Но Инид уже взяла себя в руки. Нельзя упускать шанс сделаться наперсницей Сильвии.
– Вам нужно выговориться. Я готова слушать. – Она даже руки сложила на коленях, внимательнейшая слушательница. – Рассказывайте. Я слушаю.
– Тогда вам надо знать кое-что еще, – продолжала Сильвия. – Я – художник, пишу оружие. Вы вправду готовы слушать?
– Да, – с энтузиазмом, но не слишком уверенно закивала Инид. Надо же, гном приставляет лесенку, чтобы добраться до бутылок. – Интересно.
Много лет Сильвия занималась гравюрой как дилетант.
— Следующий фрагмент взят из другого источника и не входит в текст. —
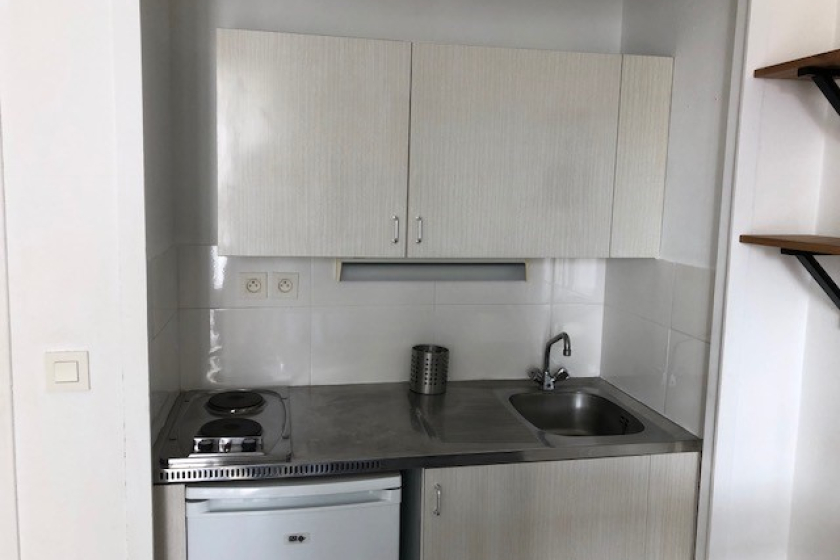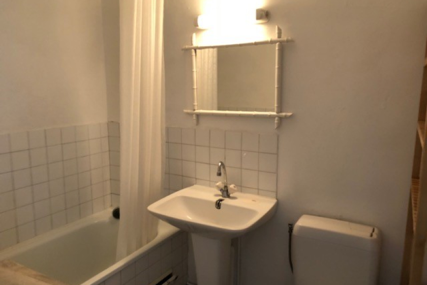 Ce logement situé au 2ème étage sans ascenseur, comprend une entrée avec placard, desservant la salle de bains avec les WC, la pièce de vie avec une kitchenette équipée (réfrigérateur, plaques de cuisson et micro-ondes). Chauffage et eau chaude individuels électriques.

Дома, в Чаддс-Форде, она оборудовала солнечную студию, купила гладкий литографский камень, немецкий набор из двадцати резцов для гравировки по дереву, вступила в Уилмингтонскую гильдию художников и каждые полгода – меж тем как ее младшая дочь Джордан из девчонки-сорванца превращалась в самостоятельную молодую женщину – участвовала в выставках гильдии, продавая декоративные гравюры долларов по сорок за штуку. А потом Джордан убили, и последние пять лет Сильвия гравировала, рисовала и литографировала только оружие. Год за годом – ружья, пистолеты, револьверы.
– Ужас, ужас! – ахнула Инид, не скрывая неодобрения.
Сломанное ветром тюльпанное дерево под окном студии обрастало ружейными прикладами и стволами. Любой человек норовил принять очертания курка, предохранителя, барабана, рукояти револьвера. Абстрактная картинка оборачивалась следом трассирующего снаряда, пороховым дымом, разлетающимися осколками разрывной пули. Человеческое тело – целый мир, неисчерпаемый в своих возможностях, и так же, как любая его точка уязвима для пули, любая форма окружающего мира находит соответствие в деталях оружия. Пятнистый боб изогнут как пистолет-дерринджер, снежинка и та похожа на браунинг с упором для стрельбы. Нет, Сильвия не сошла с ума, она могла принудить себя вывести круг, нарисовать розу, но интересовало ее только огнестрельное оружие. Пистолеты, пули, пушки, снаряды. Часами она трудилась, воспроизводя в карандаше блики на никелированной отделке. Порой Сильвия рисовала также свои кисти и руки до локтя, придавая им (по наитию, художница в жизни не брала в руки оружие) такое положение, словно они держали «Дезерт Игл» 50-го калибра, девятимиллиметровый «Глок», винтовку М-16 со складным алюминиевым прикладом и прочее диковинное оружие из каталогов, которые хранились в коричневых конвертах в солнечной студии. Сильвия предавалась этой страсти, словно погибшая душа в аду (хотя Чаддс-Форд, с его певчими пташками, слетавшимися со стороны Брендиуайна, с занесенными октябрьским ветром из соседних долин ароматами нагревшегося рогоза и поспевающей хурмы, стойко противился попыткам превратить его в ад). Словно Сизиф, Сильвия каждую ночь уничтожала собственные творения, рвала наброски, превращала их в дым, разведя веселый огонь в гостиной.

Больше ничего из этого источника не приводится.